Walking to the woods and experiencing nature was a big part of the program. We went to the woods during the day and in the evening, we showed the bright and sunny hiking root with games over fire and coffees after, and we went for a completely silent nighttime walk to the woods with lanterns. Whatever the circumstances, nature did impress the group and was voted one of the best things about the camp after all.

A great addition to the program was arts workshops run by a Russian artist and historic reconstruction enthusiast, who engaged participants in sketching and printing on textile, enriched with historic commentary.

Peer learning activities were probably the favorite – participants organized recycling milk cartons workshop, and henna painting sessions, and cultural learning of course. Farewell party was on their to-do list as well, and they did it perfectly. Indeed, the activities run by participants themselves are the ones they cherish the most, and allows to claim ownership of the camp experiences.




Three. Evaluate it.

Our first experience was inspiring and we learned from it. I was nervous and exhausted, hoping for the experience to be perfect for everyone, so was the team of group leaders from partner organizations. This first camp was our pilot, a test run of a series of culture-meets-youth activities we want to keep on doing. And even though the overall evaluation by participants was very good, we identified ways of how to do a better job next time.

Firstly, finding the sweet spot where learning theme is still interesting and not too difficult and preparing participants for the activity can be a challenge, but we should do it better. Some traditional crafts are hard and take a long time, and it is okay. This mindset and preparation is both good for those who run workshops and participate in them. That is the point where heritage experts and non-formal education experts should work together to meet in the middle.

Secondly, focusing on narrow theme or going as wide as possible? That was a question we were asking ourselves before we started, so we decided to go wide. Next time we will try to go deep and work on value chain discovery, and we will see how that goes.

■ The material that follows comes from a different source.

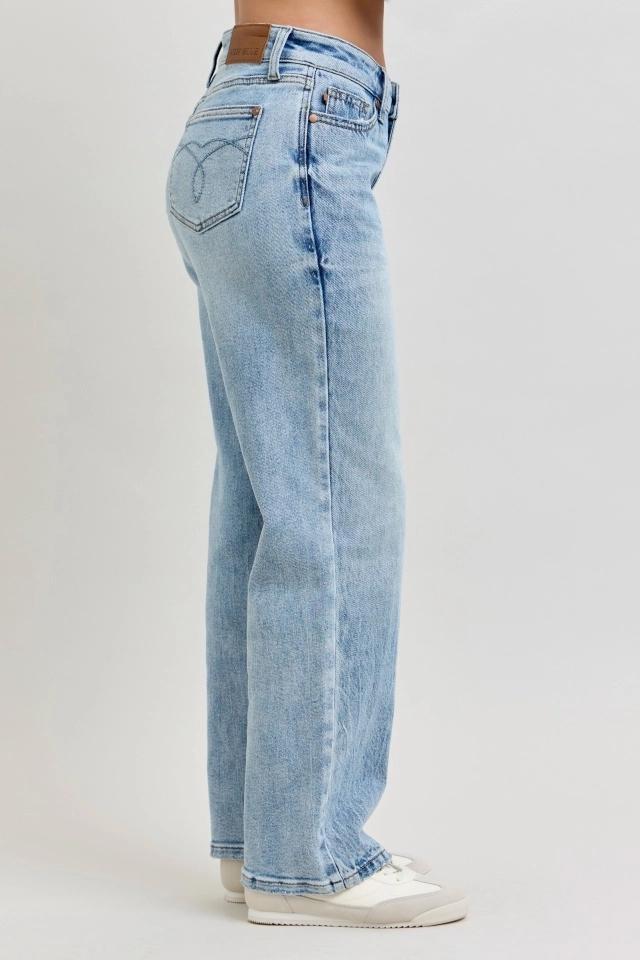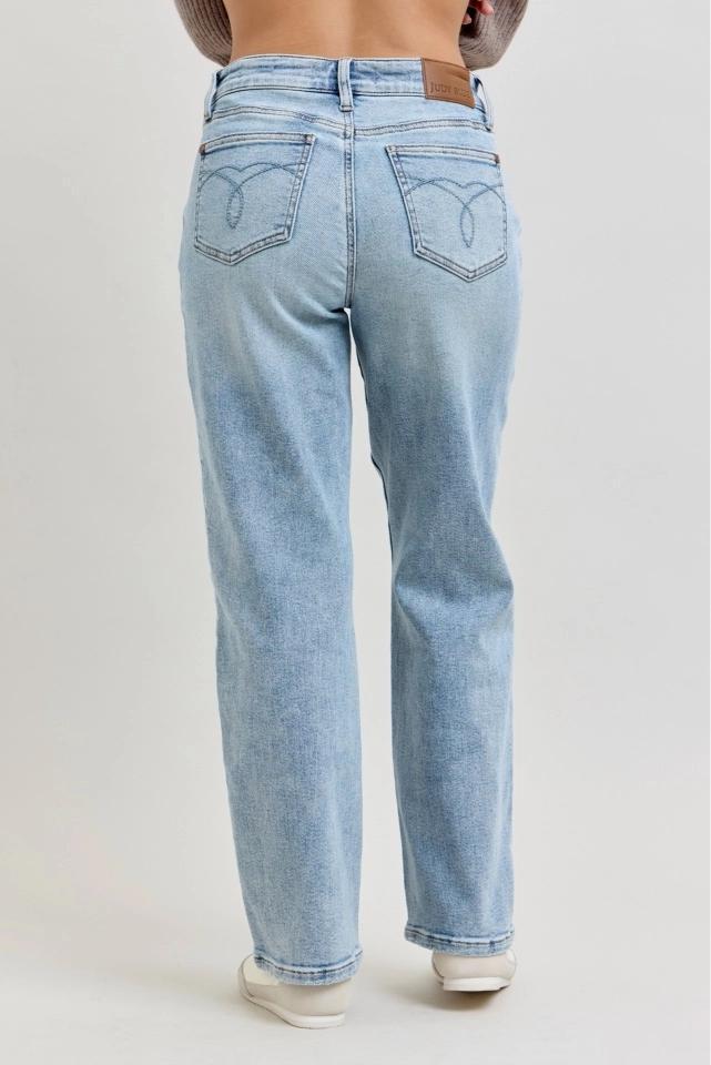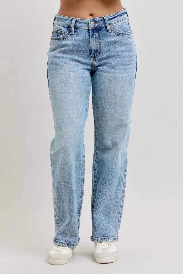 Meet the MR Petite Rigid Magic Straight jeans by Judy Blue, a must-have addition to your denim collection. These jeans, perfect for fall/winter, offer a contemporary casual style for everyday wear. Crafted with a medium wash and a solid pattern, these straight jeans are designed for the modern woman. The front panel is 100% cotton while the back panel blends 94% cotton, 5% poly, and 1% spandex, providing a comfortable fit. With a front rise of 9 1/2" and an inseam of 28", these jeans are made to fit flawlessly. Wash by hand to maintain their quality. Embrace the laid-back style with Judy Blue Jeans.

And last but not least, motivation of young people – how to make them interested in learning about the local heritage. Two follow-up projects came out of this experience, and one of them starts already this autumn.

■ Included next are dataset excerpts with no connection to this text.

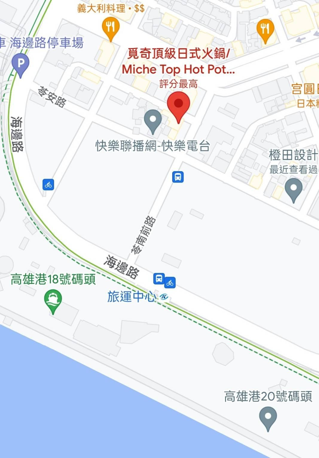 位於苓南路上的覓奇頂級日式火鍋,附近就是長榮航空大樓跟高雄港埠旅運中心
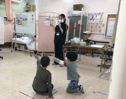 開いている方を指さして伝える方法を養護教諭の先生に教わり、一人ずつ静かに検査することができました。保健室のルール「入退室前後には手洗い・消毒をする」も、しっかりと行うことができています。
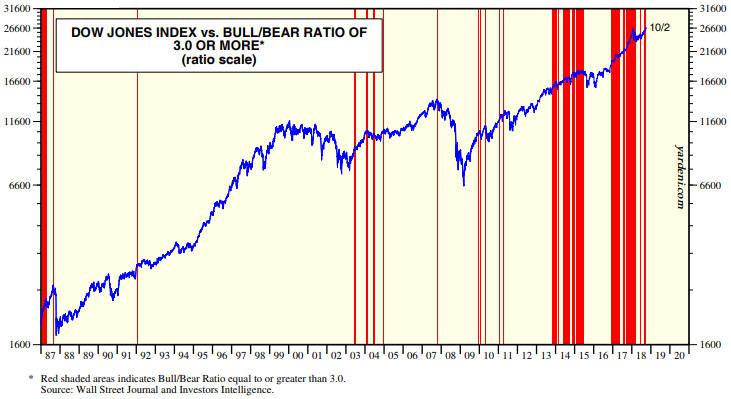 As mentioned in earlier posts, there is no better example of sentiment’s limitations as a market timing tool than the US stock market’s performance over the past few years. This is evidenced by the following chart from Yardeni.com. The chart shows the performance of the Dow Jones Industrials Index over the past 31 years with vertical red lines to indicate the weeks when the Investors Intelligence (II) Bull/Bear ratio was at least 3.0 (a bull/bear ratio of 3 or more suggests extreme optimism within the surveyed group).

TRADE Knowledge was supported by Erasmus+ Programme to help us meet partners from other European countries – both youth workers and cultural heritage experts and learn from their experience of running heritage-based non-formal learning activities to make next TRADE camps better.


Ekaterina Sysoeva

International coordinator

Hyvärilä Youth Centre

Photos by Margarida Martins

1.  Weaving workshop had its ups and downs, testing patience and resulting in some tangled threads. Under kind supervision of Oksana Uchen the mess of the colorful thread turned into beautiful woven bracelets. 

2.  Ikola Museum welcomed us to the paint-making kitchen. Meri-Anna Rossander and her professional team of museum experts guided us through the making process and history of local architecture. 

3.  Arild Endal from Midt-Troms museum shared tips of making the perfect roast in wet newspaper and engaged camp participants into fire- and food-making process, putting smiles on our faces and filling our tummies with delicious veggies, fish and meat.

4. We spent one sunny day in Ikola museum of wooden architecture where everyone could pick an activity they liked best: making of paint, building a roof, making wallets out of milk boxes, sketching or just playing outside.